Portanto, a utilização do conceito de analogia das Escrituras nos permite, em coerência com o pressuposto da unidade fundamental da Bíblia, considerar cada texto a ser interpretado em relação intrínseca com o conteúdo escriturístico anterior a ele.
Contudo, embora o uso da analogia das Escrituras constitua-se em uma grande ferramenta para a interpretação teológica da Bíblia, ele — somente — não esgota as premissas por trás da analogia da fé, que considera não apenas o montante canônico anterior ao texto, mas a totalidade do cânon.
Com efeito, a analogia da fé representa, assim, a maior ferramenta teológica da tarefa hermenêutica. O conceito de analogia da fé, analisando-o em suas origens, vem da sentença de Romanos 12.6: “Tendo, porém, diferentes dons segundo a graça que nos foi dada: se profecia, seja segundo a proporção da [nossa] fé”.
A despeito dos diferentes pontos de vista comumente estabelecidos na interpretação deste versículo, a expressão de sentido defendia por nós é a de que Paulo, apesar de ignorar as técnicas hermenêuticas disponíveis no século 21, estava simplesmente se referindo ao princípio de “comparar as Escrituras com as Escrituras”.
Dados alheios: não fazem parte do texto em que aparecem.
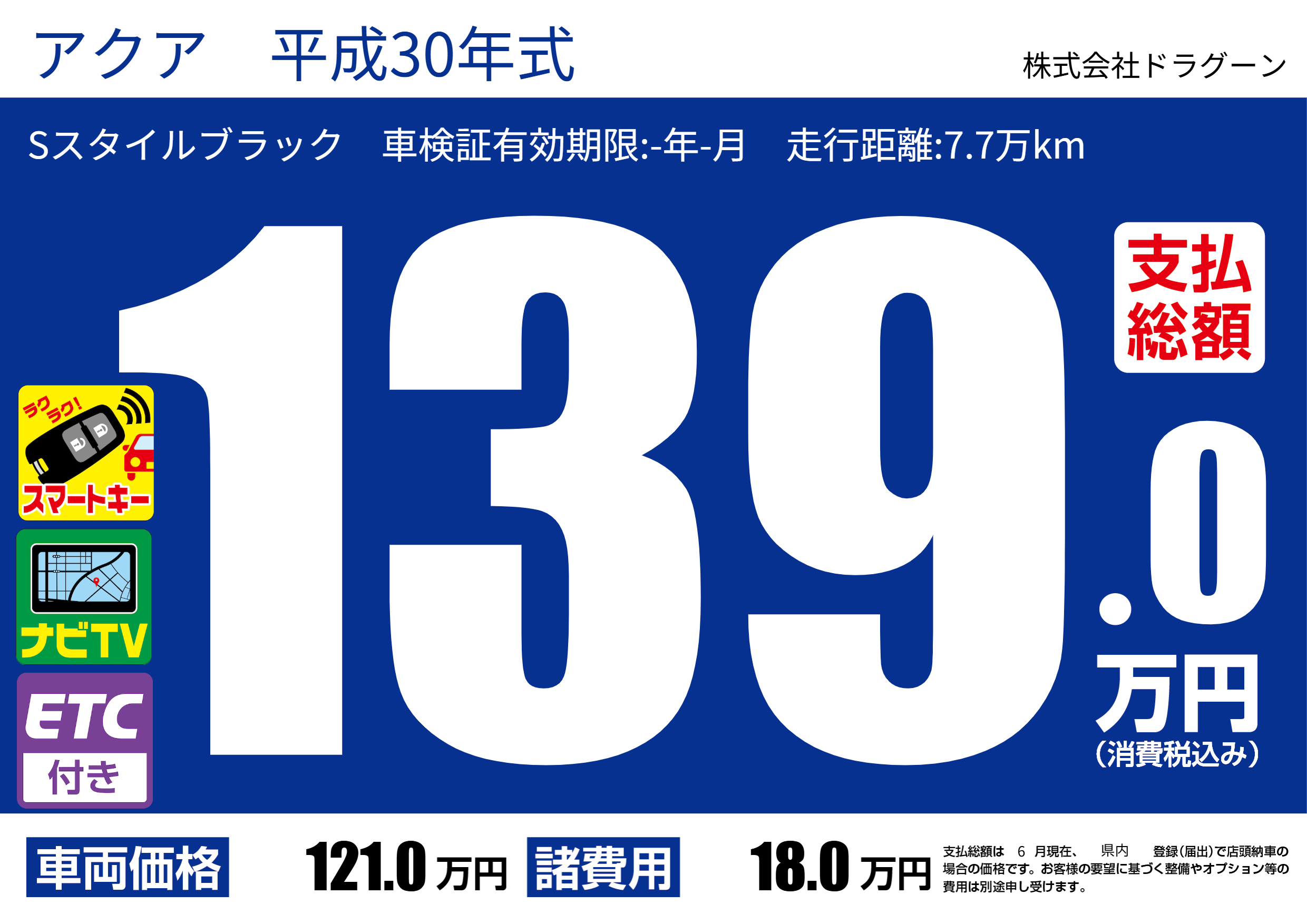 | 車名 | アクア 平成30年式 | グレード ミッション 排気量 |

Dessa maneira, a própria Bíblia nos fornece o princípio pelo qual se justifica a necessidade de uma abordagem teológica em sua interpretação: se toda a Bíblia é a Palavra de Deus, e não apenas alguns livros ou passagens, é justo que, ao nos lançarmos na exegese de determinada perícope, a consideremos à luz da totalidade da revelação bíblica e não somente do conteúdo escriturístico anterior a ela. É necessário considerarmos, na exegese de cada passagem, o cânon definitivo das Escrituras.
Convencidos da importância de uma interpretação teológica das Escrituras, devemos, neste ponto, nos perguntar quais as consequências do uso da analogia da fé para nossa teologia.

Consequências da interpretação teológica
Diante do princípio da analogia da fé, pelo qual supomos uma única Mente governante como autora sobre a Escritura, alguns resultados devem ser considerados. Um desses resultados é o fato de que a Escritura possui, em muitas de suas partes, um sentido místico.
Berkhof nos explica que “certas partes da Escritura têm um sentido místico que, neste caso, não constitui num segundo sentido, mas no sentido real da Palavra de Deus”. Obviamente, portanto, existe aqui uma dicotomia entre a consideração de um sentido místico, como único sentido para determinadas passagens bíblicas, e a medieval interpretação quádrupla, que enxergava quatro sentidos simultâneos em toda a Escritura.